Among patients who discontinued Tagrisso because of disease progression, 69% in Flaura2’s experimental arm received subsequent treatment. Within that subgroup, 44% patients were re-challenged with platinum-based chemo, whereas 30% received other types of chemo. In the Tagrisso monotherapy arm, the rates were 77%, 72% and 3%, respectively.
Again, the proportion of patients who were able to receive a subsequent treatment following disease progression was not materially different for J&J’s Rybrevant-Lazcluze combo, at 74% in Mariposa.
Whatever changes the use of chemo in the first line may introduce to subsequent treatment plans, investigators noted that the Flaura2 regimen’s overall survival benefit was clear against standard Tagrisso monotherapy followed by chemo.
Besides, although a chemo-free option, Rybrevant has its own tolerability issues. J&J is working on improving the drug’s profile by developing a subcutaneous version of the intravenous infusion and by introducing prophylactic regimens to reduce certain dermatological and cardiovascular adverse reactions. Even though the under-the-skin formulation significantly reduces the time of administration, patients still need to go to a healthcare facility to get the drug.
To further complicate physicians’ treatment decision-making process in the real world, Rybrevant plus chemo is approved as a second-line option for patients who have progressed on Tagrisso or other EGFR inhibitors.
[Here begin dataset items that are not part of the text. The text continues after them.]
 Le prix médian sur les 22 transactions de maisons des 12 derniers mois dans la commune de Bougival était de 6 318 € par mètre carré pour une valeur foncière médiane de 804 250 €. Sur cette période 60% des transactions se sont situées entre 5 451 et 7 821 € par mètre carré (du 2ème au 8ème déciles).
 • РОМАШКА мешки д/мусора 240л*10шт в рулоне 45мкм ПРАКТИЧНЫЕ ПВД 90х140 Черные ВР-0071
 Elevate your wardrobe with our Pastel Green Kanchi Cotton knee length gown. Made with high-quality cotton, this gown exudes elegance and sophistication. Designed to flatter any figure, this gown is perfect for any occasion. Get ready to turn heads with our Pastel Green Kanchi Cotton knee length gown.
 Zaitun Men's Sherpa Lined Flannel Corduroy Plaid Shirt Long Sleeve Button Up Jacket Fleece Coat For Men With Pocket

So far, there are no direct data on whether using Rybrevant upfront is a better idea than saving it for the second line. Mariposa didn’t allow crossover in the control arm, and the majority—if not all—of the control arm patients in Flaura2 didn’t get Rybrevant as their second-line treatment.
Rybrevant and Lazcluze have been gaining traction since their first-line approval about a year ago. In the second quarter, the pair delivered $179 million in global sales for 26.5% sequential growth.
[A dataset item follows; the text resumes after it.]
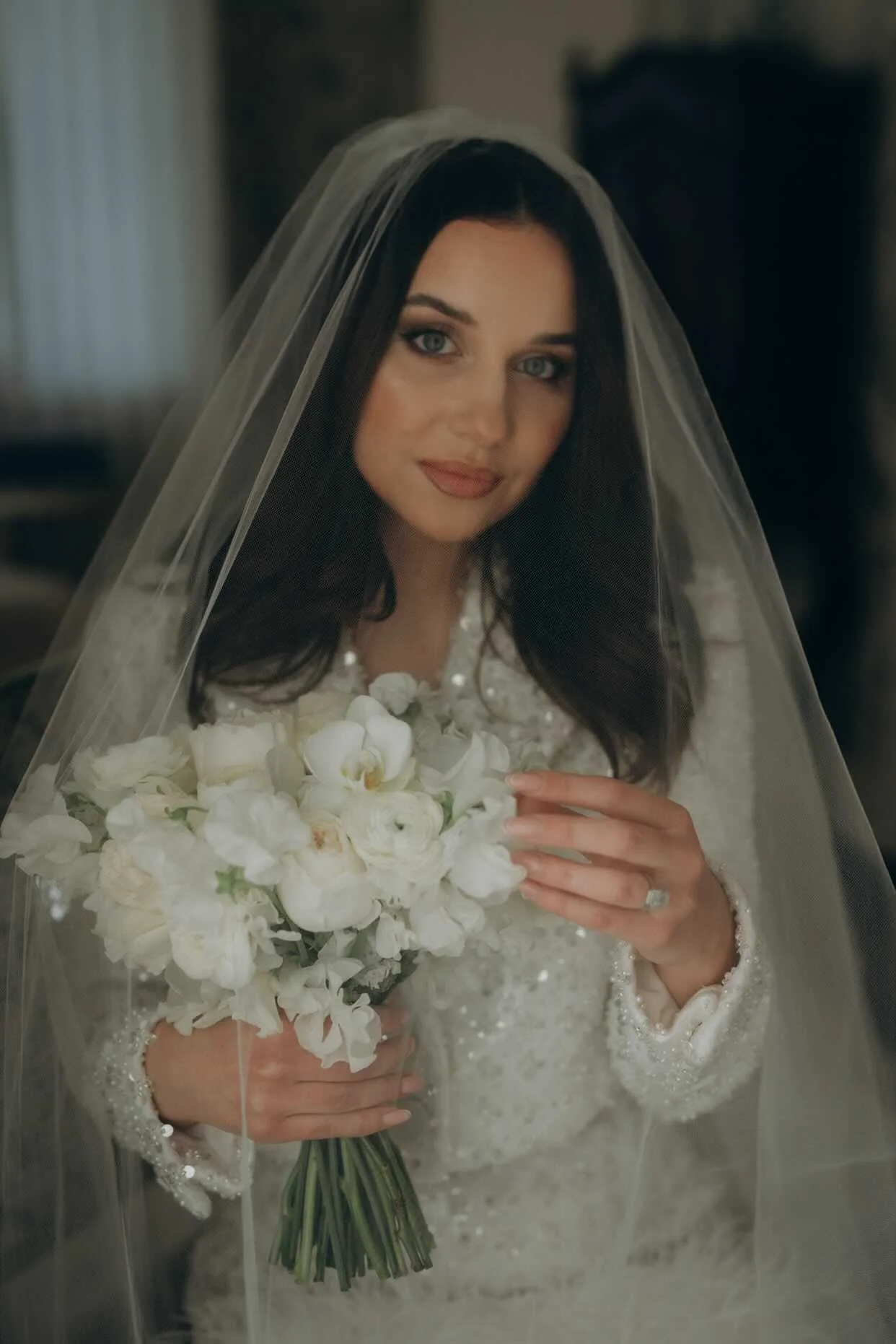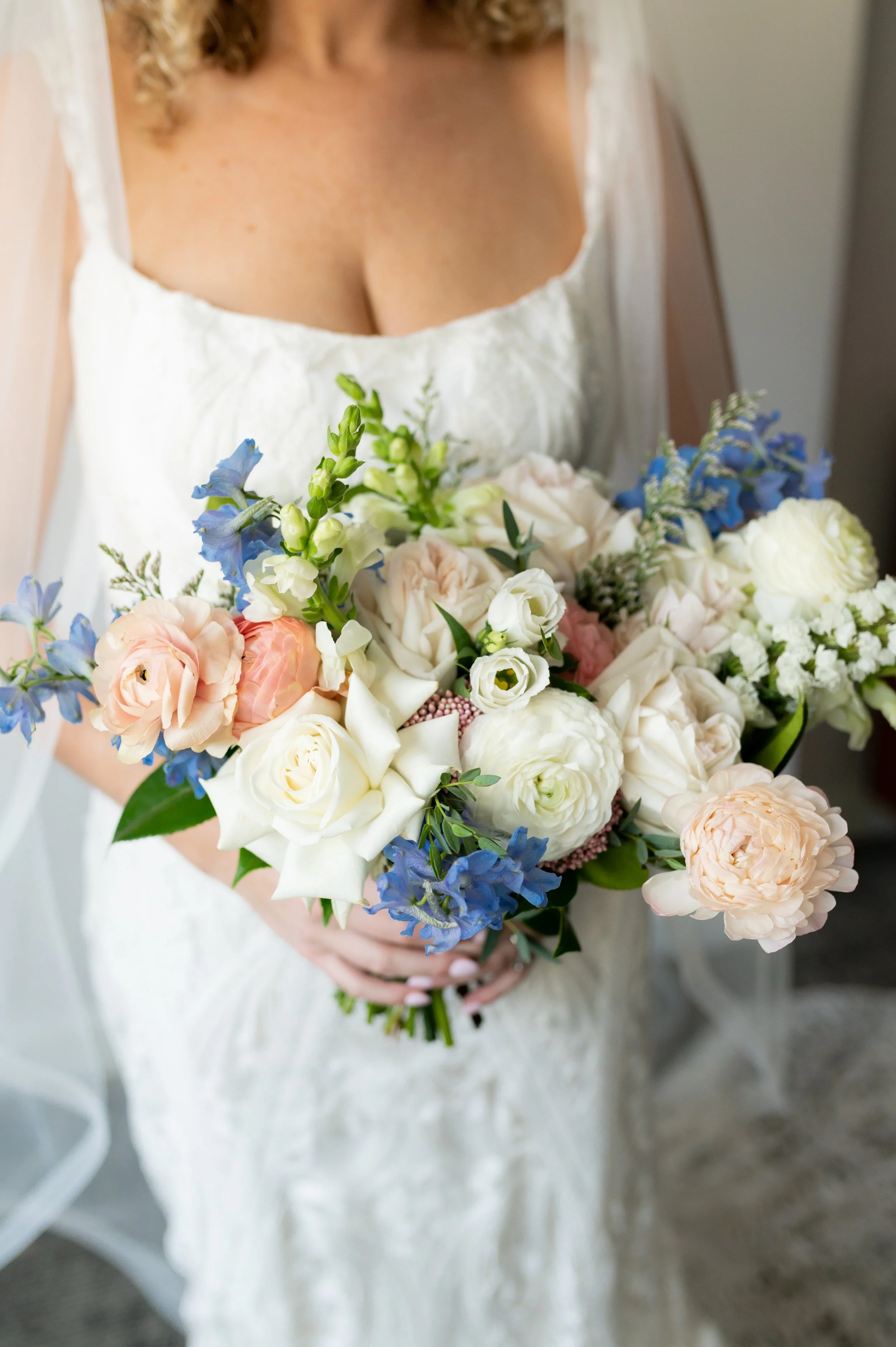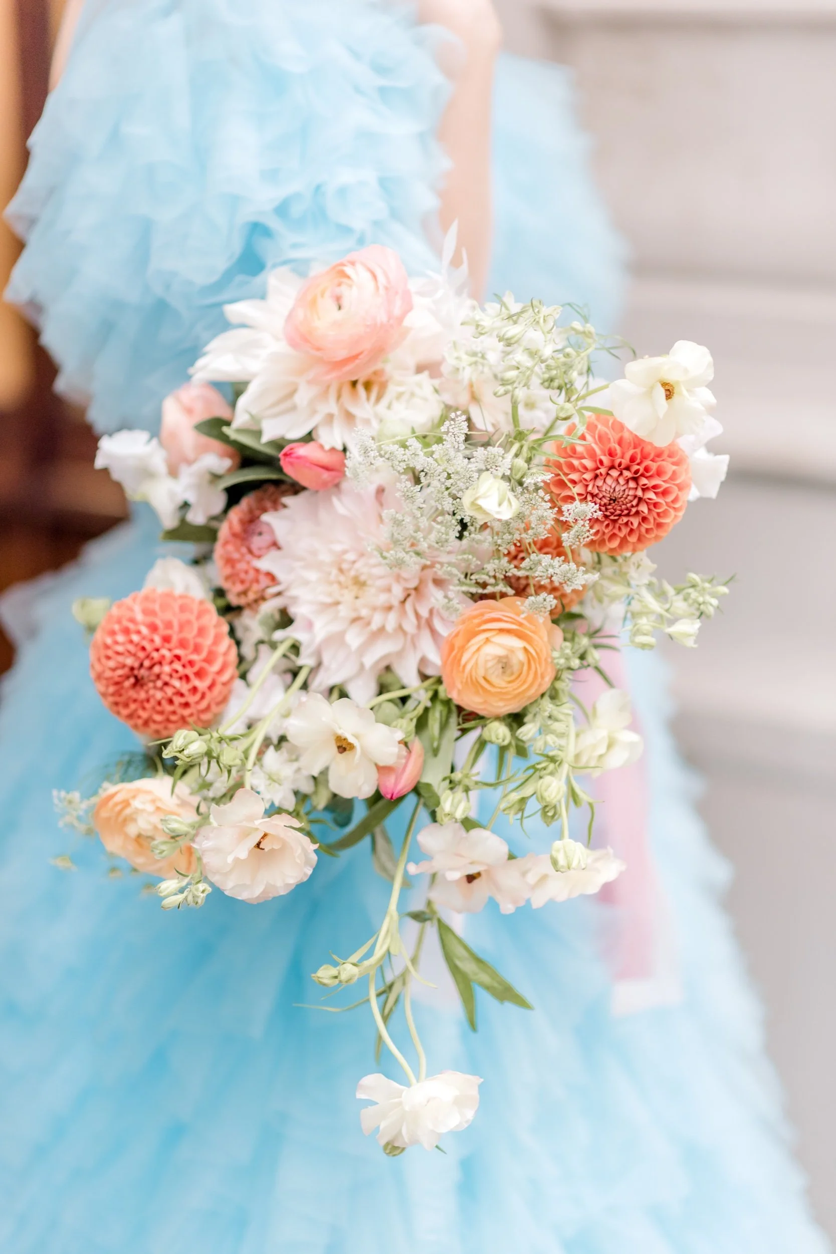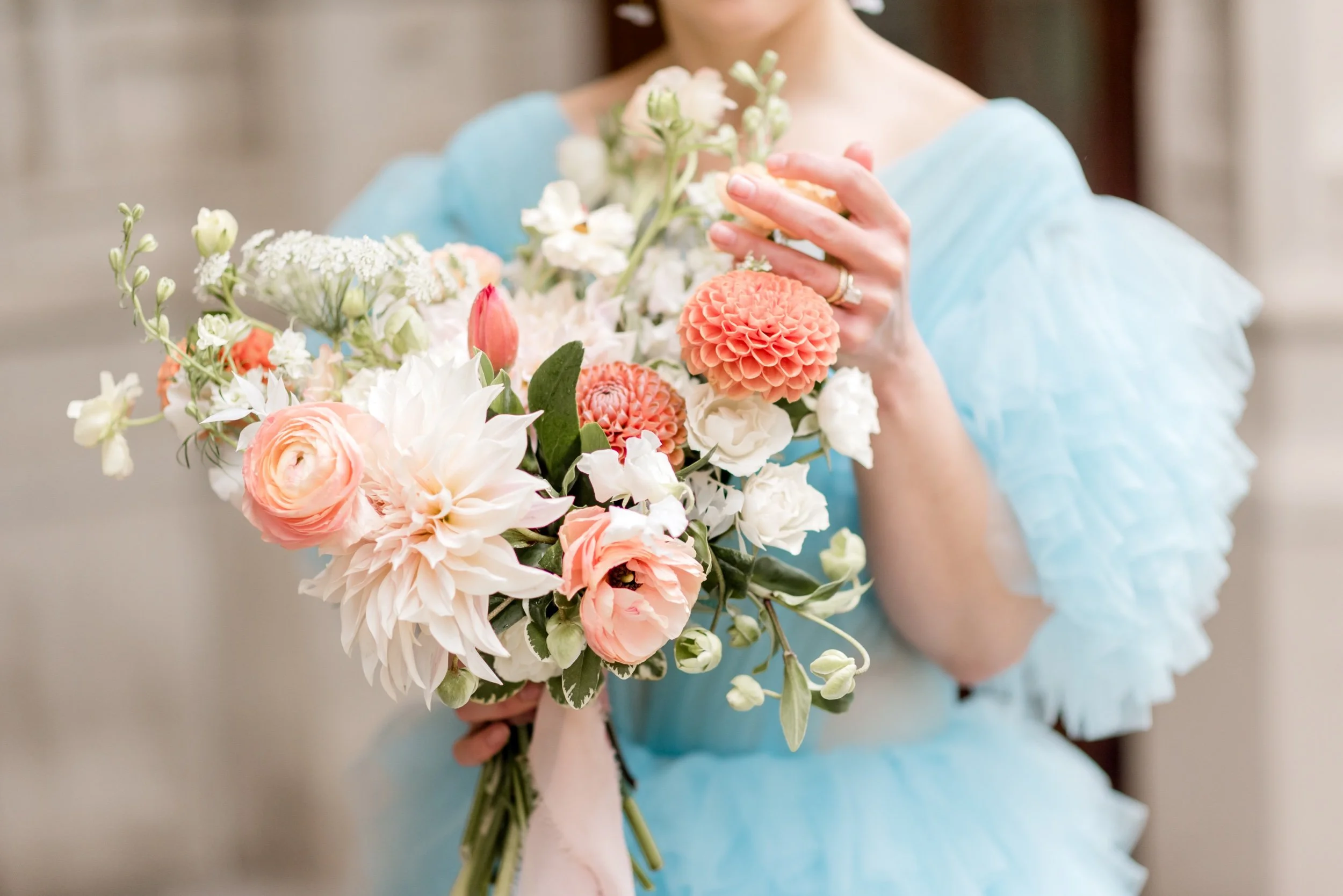 A person holding a large bouquet of light pink, white, and peach flowers, partly obscured by a light blue dress and a veil.

During an investor call in July before AZ announced Flaura2’s positive overall survival readout, J&J’s chair of innovative medicine, Jennifer Taubert, noted that Rybrevant-Lazcluze was the top regimen that doctors said they intend to prescribe for front-line patients.
But AZ is not seeing many signs of repeated use of the competitor regimen, according to Fredrickson. The AZ exec also suggested that academic centers tend to be more open to newer regimens with unfamiliar side effect profiles, whereas in the community setting, where the lion’s share of lung cancer patients are treated, doctors are more comfortable with the established profiles of Tagrisso and chemotherapy.
Even before the positive overall survival readout from Flaura2, the Tagrisso-chemo regimen has seen the fastest growth in the combo space, Fredrickson said. “I have every reason to believe that that momentum should only strengthen with the presentation of these data.”